» **WORK INSTRUCTION**
Exact wording is needed for every line from the one holding "截至2025年12月末,上证" to the end of the records below; write those lines out and omit the pictures.

─── DATA RECORDS ───

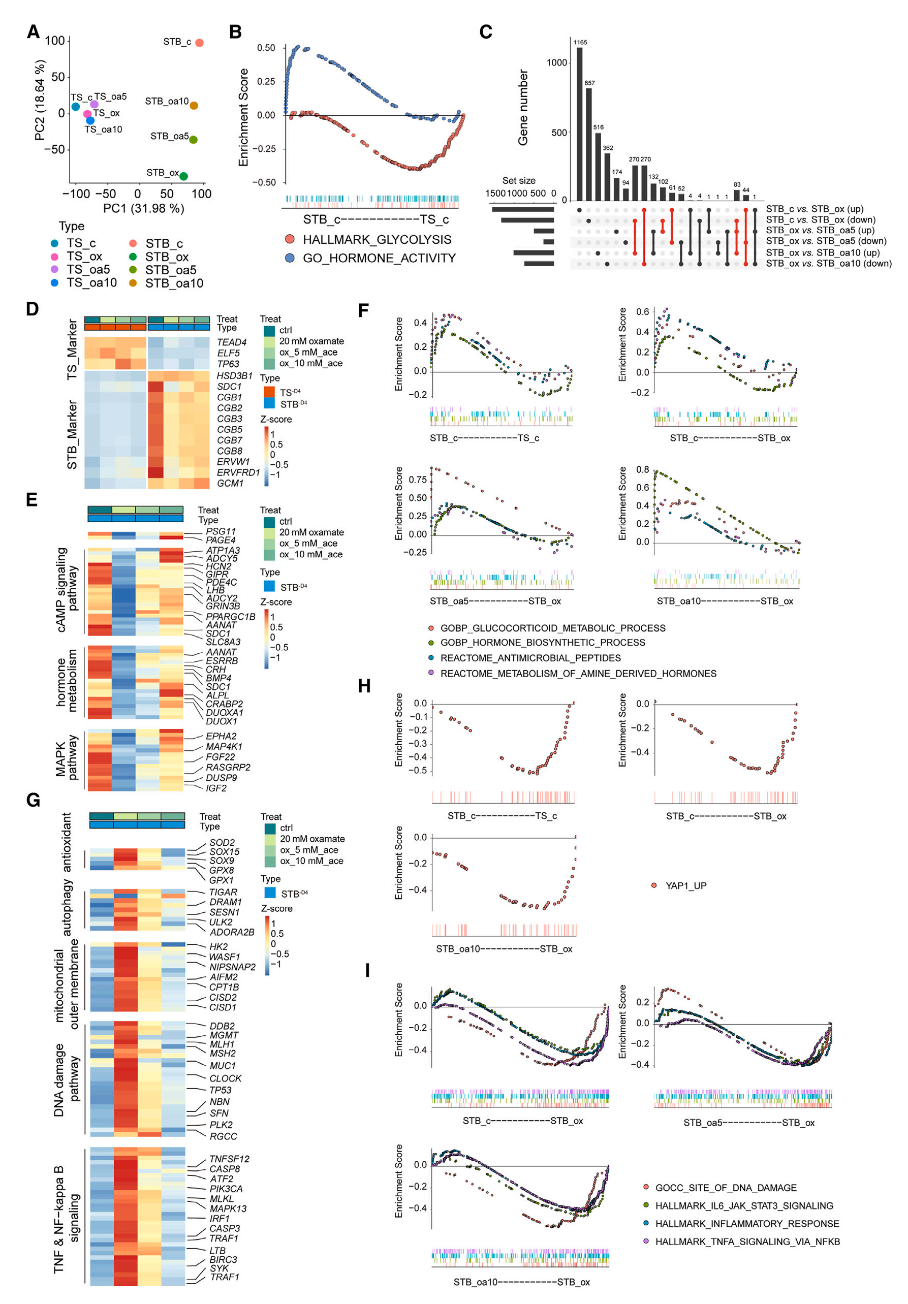 GSEA進(jìn)一步顯示,與STB_c相比,未分化的TS_c特異性地富集了hippop – yap /Taz-TEAD特征(圖5H)。這些結(jié)果表明,草酸阻斷了STB的合胞,而這種分化阻斷被乙酸修復(fù)。此外,與正常STB_c和經(jīng)草酸和乙酸(STB_oa5和STB_oa10)處理的STB-D4相比,涉及DNA損傷、白素-6 (IL-6)信號(hào)、炎癥反應(yīng)和TNF信號(hào)的四種GSEA特征均在STB_ox中特異性富集(圖5I)。
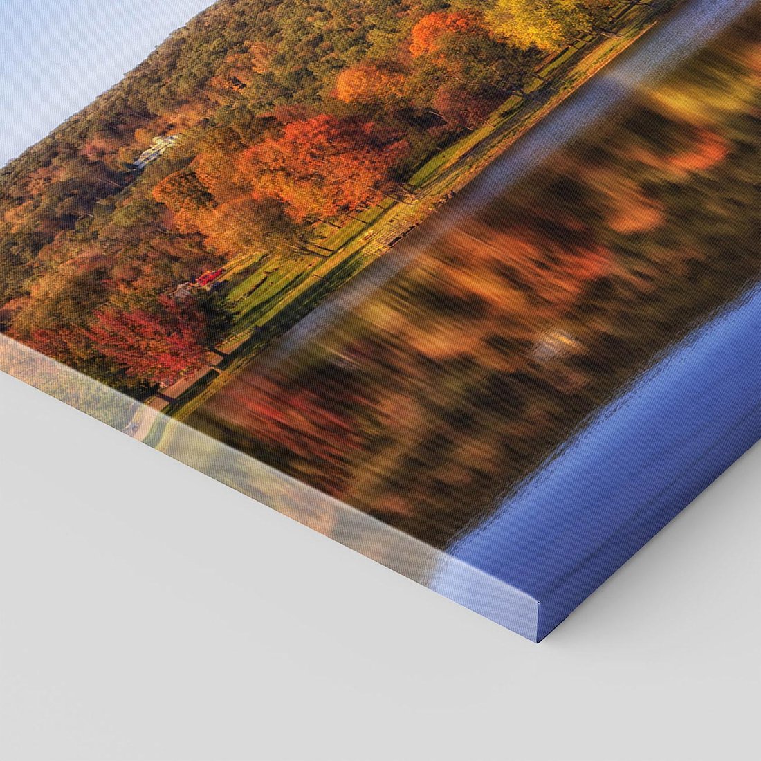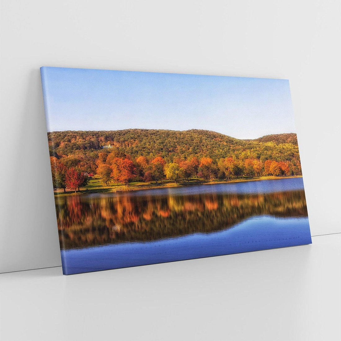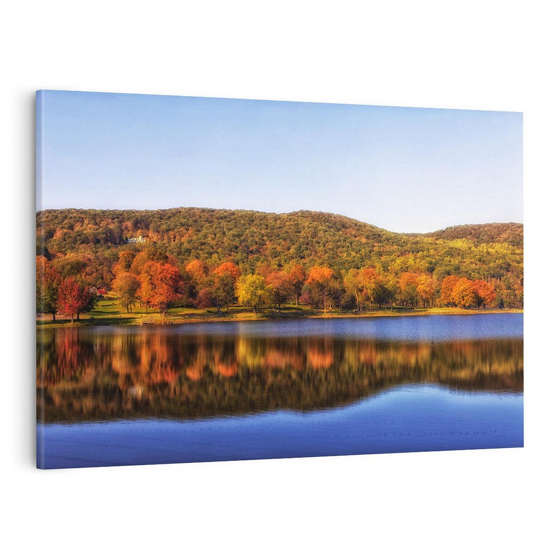 Odkryj urok przyrody dzięki temu malowniczemu obrazowi przedstawiającemu jezioro otoczone lasem. Spokojna tafla wody, bujna roślinność i odbicie nieba tworzą harmonijną aurę. Ta kompozycja dodaje spokoju i relaksu, idealna dla miłośników natury i chcących wprowadzić do swojego wnętrza malowniczy krajobraz jeziora w lesie.
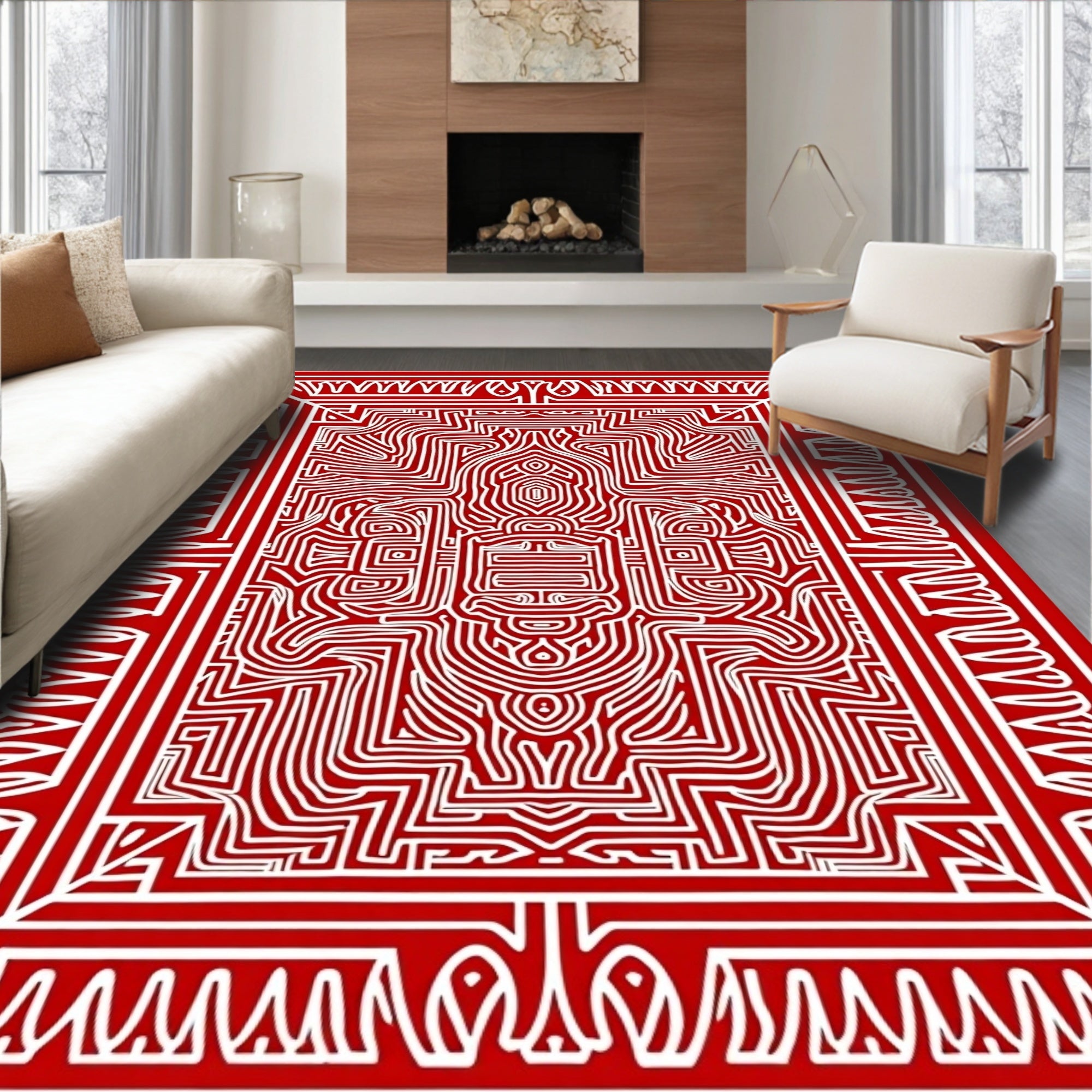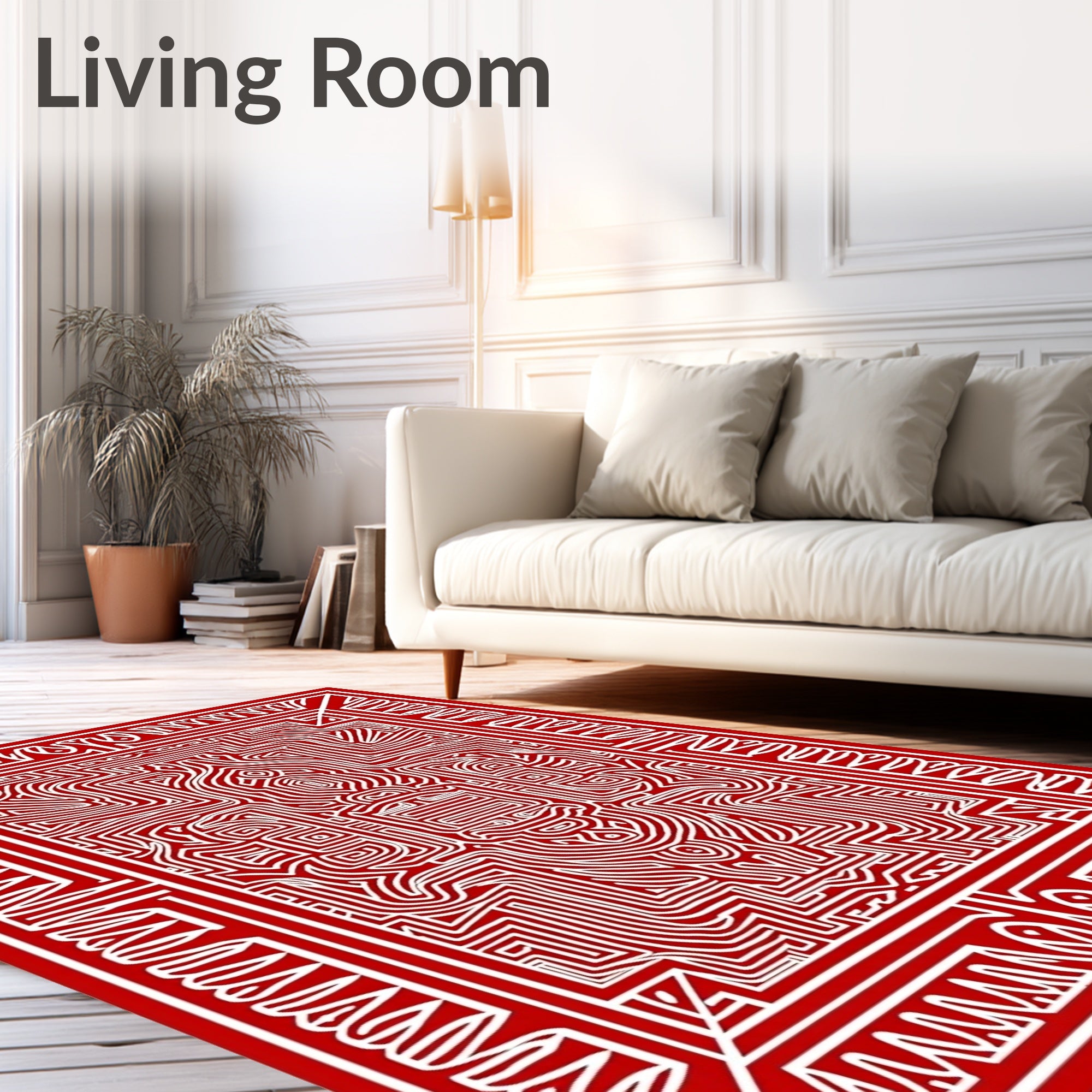 Ultra Soft Area Rug, Non Slip, Stain Resistant, Washable Area Rugs for Living Room, Bedroom, Boho Interlocking Inspired with Playful Graphic Details(Red) Overview:
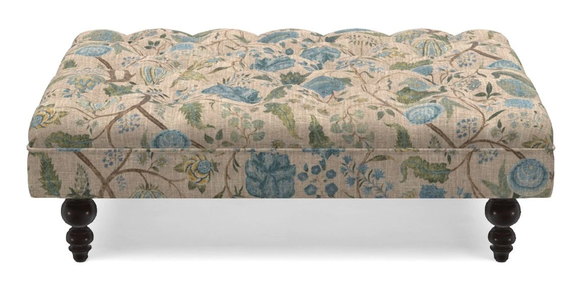 Bedham Bespoke Standard Footstools in V&A Threads of India on Linen - Tree of Life : V&A Threads of India on Linen - Tree of Life Chalk
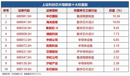 截至2025年12月末,上证科创板芯片指数成份股涵盖50只国产芯片产业链公司,其中国产芯片龙头——中芯国际权重占比10.36%,海光信息权重占比达10.05%,寒武纪权重占比9.45%。该指数的编制规则设置单个成份股权重上限为10%,该指数样本每季度调整一次,其挂钩ETF产品日涨跌幅限制为20%。
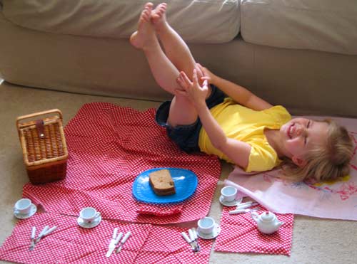 Lilly was asleep so it was safe to break out the more grown up version of Clara's Vegas tea pot and cups. She had a delightful lunch-time picnic on the floor of the living room with room for three of her best friends.

───

» **ANSWER TO THIS EXERCISE**
 截至2025年12月末,上证科创板芯片指数成份股涵盖50只国产芯片产业链公司,其中国产芯片龙头——中芯国际权重占比10.36%,海光信息权重占比达10.05%,寒武纪权重占比9.45%。该指数的编制规则设置单个成份股权重上限为10%,该指数样本每季度调整一次,其挂钩ETF产品日涨跌幅限制为20%。
 Lilly was asleep so it was safe to break out the more grown up version of Clara's Vegas tea pot and cups. She had a delightful lunch-time picnic on the floor of the living room with room for three of her best friends.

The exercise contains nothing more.